The differences between a Bitter Orange and a Sweet Orange flower are subtle, but a feature of the leaves makes the two cultivars easy to distinguish. Some Bitter Orange leaves are shown below:
At the leaves' bases, seen in the picture's top half, notice the curious constrictions. Orange leaves are "jointed," with the outer, larger blade being the actual leaf, and the smaller part between the joint and the woody stem being a "winged petiole." The broad, flaring parts, looking so leaf-like, are the wings. On Bitter Orange leaves the wings are exceptionally wide, while on Sweet Orange leaves the wings are much narrower.

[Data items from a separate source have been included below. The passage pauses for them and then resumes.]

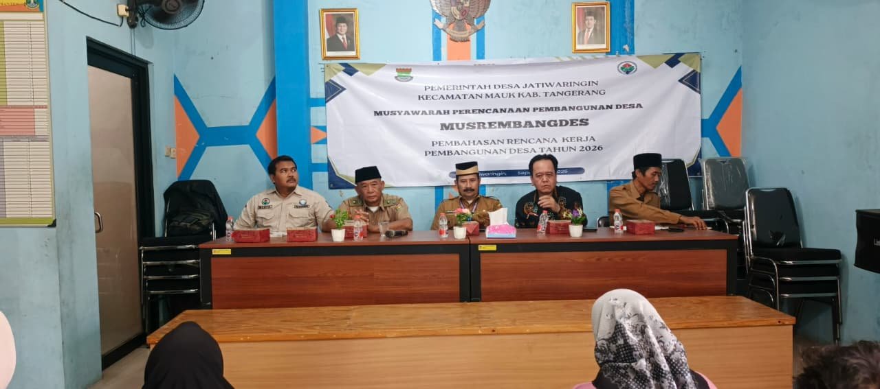 Sementara itu, Sekcam Mauk Mahfud mengapresiasi kekompakan Pemerintah Desa Jatiwaringin dalam menyiapkan agenda musyawarah yang transparan dan partisipatif.
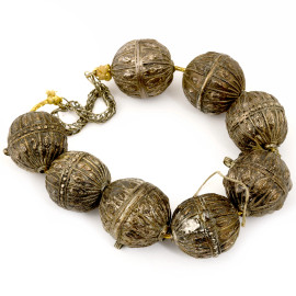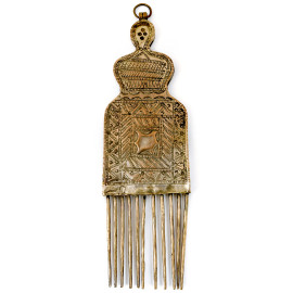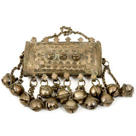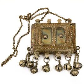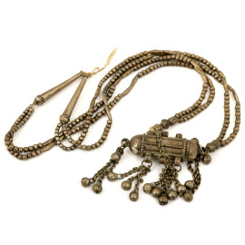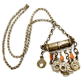 Lotto composto da quattro collane amuleto, una teiera, due pettini, un faturan in pietre dure arancioni, una collana yemenita in metallo argentato riccamente decorati a cesello con volute e motivi geometrici, XX secolo, misura massima cm 25x17
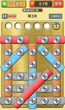 【闯关挑战】螺丝消消消的核心玩法是闯关挑战,玩家要完成关卡任务就得拧动螺丝、拆除铁板,这样就能获得红包奖励。
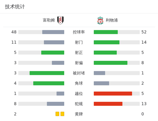 全场比赛结束,最终利物浦1-1富勒姆,总比分3-2。
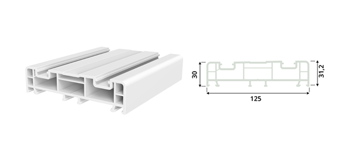 - Система имеет корпус шириной 125 мм и ширину створки 50 мм.
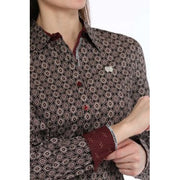 Cinch Women's Medallion Print Button Down Long Sleeve Shirt - Black

The joints between the blades and their winged petioles are such anatomical novelties that a close-up of the situation is shown below:
from the January 18, 2019 Newsletter issued from Rancho Regensis north of Valladolid, Yucatán, MÉXICO;
elevation ~40m (~130 ft), N~20.876°, W~88.170°
PREGNANT WOMEN AND ORANGE-PEEL SHAVINGS
While Juan was mashing his leaves of the three medicinal plants into a tooth-ache-relieving paste, I remembered something: Earlier when he'd been telling me about the great pharmacopoeia of pain-killing medicines always growing around us, he'd showed me how to scrape a kind of mealy, moist powder off the surface of a Sour or Bitter Orange, Citrus x aurantium for adding to his various pastes.
"What about the Sour Orange scrapings?" I asked as he was finishing his grinding.
"No pregnant women here," he replied.
As with most folks in this area, Juan's first language is Maya. His Spanish is a jerky, irregularly conjugated kind, so partly with words and partly with hand gestures he told me that sometimes when you pass by a pregnant woman something on the order of "bad wind" or "the evil eye" transfers from her onto you, and maybe your arm will swell up and start hurting, and that's when you need the Sour Orange scrapings.
"Lemon juice will do, too," he continued. "And we have a smaller fruit like a lemon that's the best, but it's harder to find than a lemon. Sometimes people carry that lemon-like fruit in their pockets, and that wards off the problem, too."